Your instructions –
Below is a listing. Return the lines from the one that contains "Man with Pointing" to the one that contains "Zebrafish Abcb4 is", both ends included, verbatim and with no pictures.

Data to process –
"""
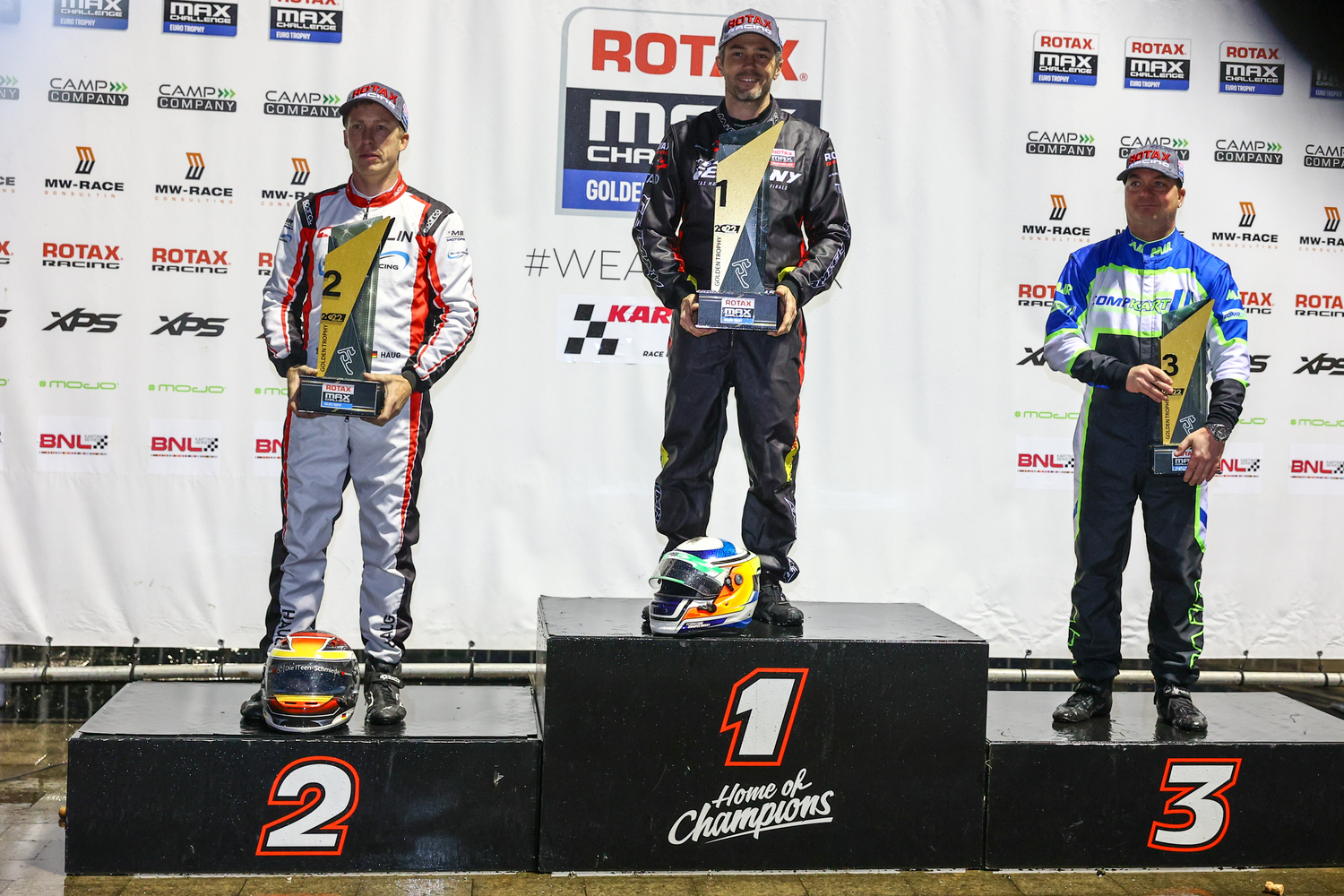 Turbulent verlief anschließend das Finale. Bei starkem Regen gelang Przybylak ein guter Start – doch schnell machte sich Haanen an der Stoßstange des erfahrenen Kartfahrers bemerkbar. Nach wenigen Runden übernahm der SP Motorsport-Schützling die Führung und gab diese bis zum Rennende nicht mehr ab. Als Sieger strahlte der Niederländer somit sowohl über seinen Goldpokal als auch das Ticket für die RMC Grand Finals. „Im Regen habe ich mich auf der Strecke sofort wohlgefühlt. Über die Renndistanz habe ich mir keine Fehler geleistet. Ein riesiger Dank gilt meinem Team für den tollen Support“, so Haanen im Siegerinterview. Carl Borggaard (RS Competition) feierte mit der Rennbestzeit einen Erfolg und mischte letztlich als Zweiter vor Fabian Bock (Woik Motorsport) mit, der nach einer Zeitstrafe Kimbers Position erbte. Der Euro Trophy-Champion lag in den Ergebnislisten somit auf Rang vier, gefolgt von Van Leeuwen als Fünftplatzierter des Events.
"""
"""
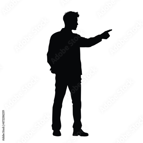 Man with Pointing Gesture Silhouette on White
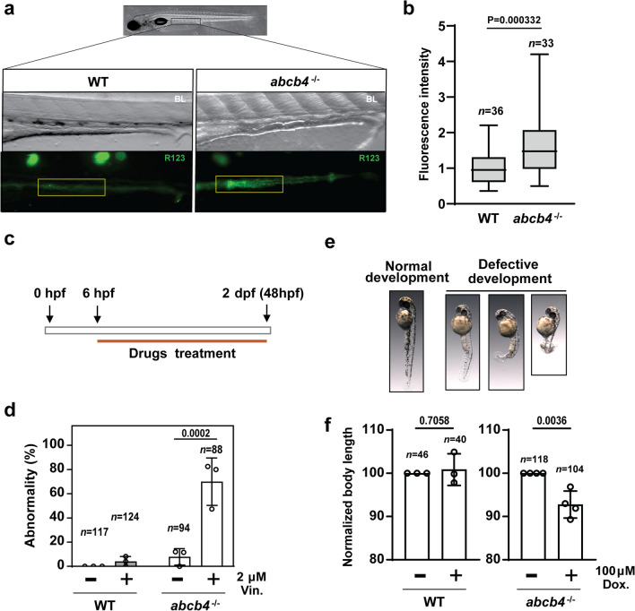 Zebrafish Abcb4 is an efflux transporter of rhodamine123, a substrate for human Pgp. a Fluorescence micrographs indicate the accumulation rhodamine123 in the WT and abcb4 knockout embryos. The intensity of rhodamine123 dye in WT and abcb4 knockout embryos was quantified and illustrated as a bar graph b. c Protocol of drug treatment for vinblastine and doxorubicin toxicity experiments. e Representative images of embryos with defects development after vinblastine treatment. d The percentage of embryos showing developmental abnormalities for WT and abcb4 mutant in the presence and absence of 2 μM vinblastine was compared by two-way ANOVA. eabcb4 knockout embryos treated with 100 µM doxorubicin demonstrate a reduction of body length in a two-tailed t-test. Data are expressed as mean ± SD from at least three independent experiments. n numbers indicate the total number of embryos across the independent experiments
"""
Finished task –
 Man with Pointing Gesture Silhouette on White
 Zebrafish Abcb4 is an efflux transporter of rhodamine123, a substrate for human Pgp. a Fluorescence micrographs indicate the accumulation rhodamine123 in the WT and abcb4 knockout embryos. The intensity of rhodamine123 dye in WT and abcb4 knockout embryos was quantified and illustrated as a bar graph b. c Protocol of drug treatment for vinblastine and doxorubicin toxicity experiments. e Representative images of embryos with defects development after vinblastine treatment. d The percentage of embryos showing developmental abnormalities for WT and abcb4 mutant in the presence and absence of 2 μM vinblastine was compared by two-way ANOVA. eabcb4 knockout embryos treated with 100 µM doxorubicin demonstrate a reduction of body length in a two-tailed t-test. Data are expressed as mean ± SD from at least three independent experiments. n numbers indicate the total number of embryos across the independent experiments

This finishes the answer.